Maurizio Aschero, one of the top luxury professionals in Ukraine with a vast experience internationally shares with CPP-LUXURY.COM his views on the world of luxury.
You are a luxury industry professional with an extensive career in retail. What are the most motivating aspects of the luxury business for you ? and which are the least motivating ?
I am convinced that behind real luxury lays a culture which does belong to East Europe and which unfortunately has been annihilated by 70 years of moral and material misery. I pride to contribute in giving back to these countries what belongs to them. History teaches it. Ukraine, Russia, as well as Romania, have a long tradition of noble families. An aristocracy which spread throughout Europe in 18th and 19th century. Now, step by step, they are coming back. And our duty as luxury retailers consists in bringing back to them what was here already before the misfortunes of the communist era.
Luxury is a part of culture. Today, culture is still a luxury and that is what makes me angry. At the beginning of my career in East Europe I hoped (silly I was!) that the process of “normalization” could happen faster. Instead, as Darendorf said: you need 6 months to change a government, 6 years to change an economy, 60 years to change a culture. Today, we still fight against the people with lots of money and no culture. Against those who don’t want to lose the soviet habit of stealing and hiding.
Against those who (like is happening in Kiev in these days), give the authorization to build kiosks of sausages and vodka in the middle of the most luxury area, Passage.
As soon as we try to make one step forward , we go two steps back. And bribes (the only culture today here) must fly around in order to settle the situation.
In the short term, the indicators don’t show any improvement, but a worsening. The only hope is in the next generations. But we still fight.
From your experience, which do you think are the defining elements of a successful luxury retailer ?
Vision. Perseveration. Investments. Patience. Knowledge.
How do you evaluate if a market is mature enough for a mono brand store versus multibrand ?
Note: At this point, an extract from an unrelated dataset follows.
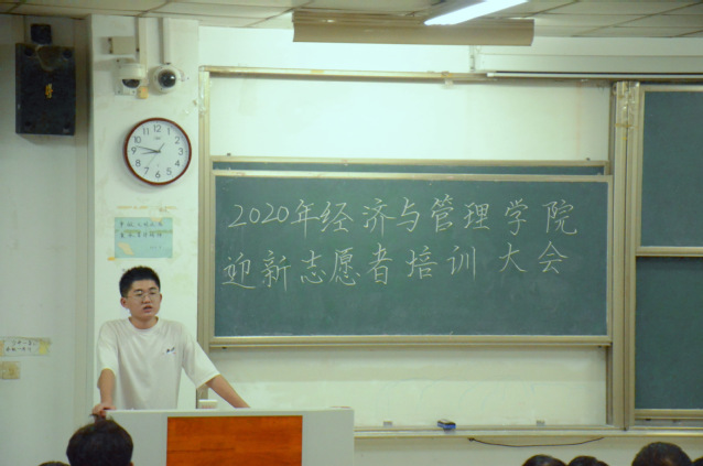 2020年9月13日,經濟與管理學院迎新志愿者培訓大會于一區博學樓B座107教室順利召開。會議由青年志愿者服務團團長宋世佳、副主席李奕主持召開,我院迎新志愿者們前來參加。

For several years, clients privileged the monobrands because they felt safe and rewarded in spending lots of money in strong brands. They were driven by strong marketing and PR, and felt part of the brand itself. When the big brands started to sell off, worldwide, their stuff in order to fill the cash desk in time of crisis, the trust of the clients decreased dramatically.They felt betrayed. Having less money in the pocket, it was highly disappointingly to see the bag they bought for 2.000 Euro on sale in Milan or Dubai for 500. So, they turned to multibrands. Now our multibrands are far more successful than mono. People is looking now for different experiences. For a wider choice, for a lighter atmosphere. For different categories of products, at once. From books to shoes, from fine foods to bags, from home decoration to coats, everything in one store. Monobrands today are the dinosaurs of the business. They got too fat and they move too slow.
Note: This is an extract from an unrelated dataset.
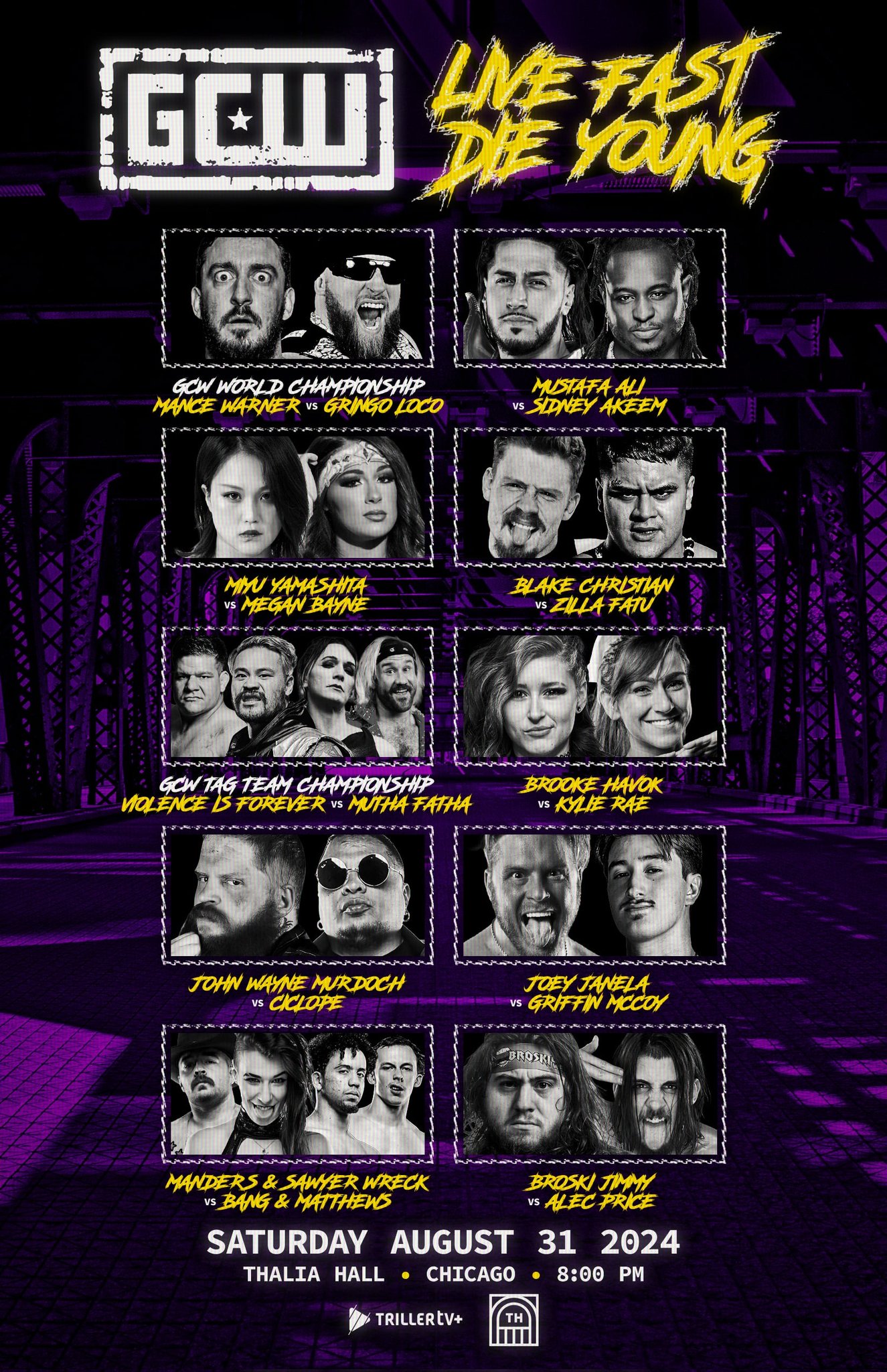 Game Changer Wrestling 8/31/24 GCW Live Fast Die Young results from Thalia Hall in Chicago, Illinois. The event streamed live on TrillerTV+.

In a few words, how would you describe the Ukrainean luxury consumer? How different is it from the Russian consumer and from the European consumer?
Ukrainian luxury consumer is changing attitude, thanks God. They are refining their choice and they understanding. They travel and broaden their specific culture. They are getting nearer to worldwide taste and social behavior. Russian customer is no different, just, richer, and the Moscow client has more choice. Real department stores and real multibrands are in Moscow since years, while in Ukraine we are still eons behind
What is your strategy in convincing Ukraineans to buy locally and not in international locations? What is, in your opinion, the percentage of Ukraineans which buy abroad, compared to those who buy locally ?
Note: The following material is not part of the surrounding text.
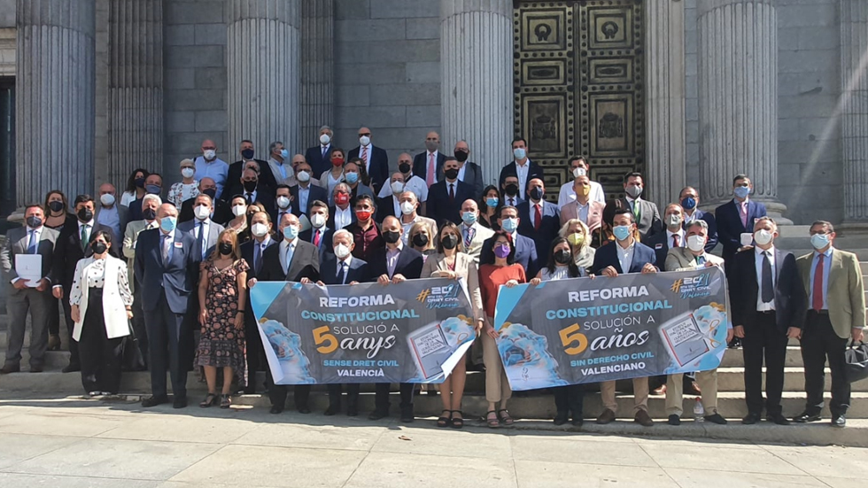 Miembros de distintas instituciones valencianas y de la sociedad civil han llevado a cabo un acto de apoyo al Derecho Civil Valenciano en el Congreso de los Diputados para solicitar a la Junta de Portavoces la tramitación urgente de esta Proposición de Reforma planteada por les Corts desde hace 16 meses.

Price level, mostly. Our prices don’t differ (or in few case, just 10-15%) from Paris, London, Milan. We try hard for the best service, and the choice of good. We don’t cheat on our clients. We don’t sell off the goods, even in case of low results. We don’t consider the client a cow to milk, but a partner, a friend.
All the local clients buy abroad as well. To buy abroad is part of the travel experience. But if you means if they only buy abroad, very few clients do. Ukraine is their home, our stores are their stores.
Have you noticed major changes in the consumer profile (Ukrainean) since the debut of the crisis?
Of course. They check the quality, the prices, they buy less but not necessarily cheaper, they are keener in being driven to the right purchase, so they trust in our staff which we constantly train. Service , today, is a key factor, more than before.
Could you give us an estimate figure of how many Ukrainean people spend more than EUR 50.000 per year for luxury goods ?
You said that officially more than 25.000 people in Ukraine have an income over 5 mln USD. I would quintuplicate this figure, unofficially.
What is the current situation of the luxury market in Ukraine and how do you think it will develop in 2010 ?
It won’t develop. Bulgari just opened now in Passage, few jewels store will open soon. But generally the depression here just started. January election will only worsen the story.
Please name the top three best selling luxury fashion brands in Ukraine.
I can mention what are the best selling in Helen Marlen Group : Cavalli, Louboutin, YSL. I know, it sounds strange. But this is the reality.
If you were to develop a luxury business yourself, which would that be?
A real, innovative, great concept store.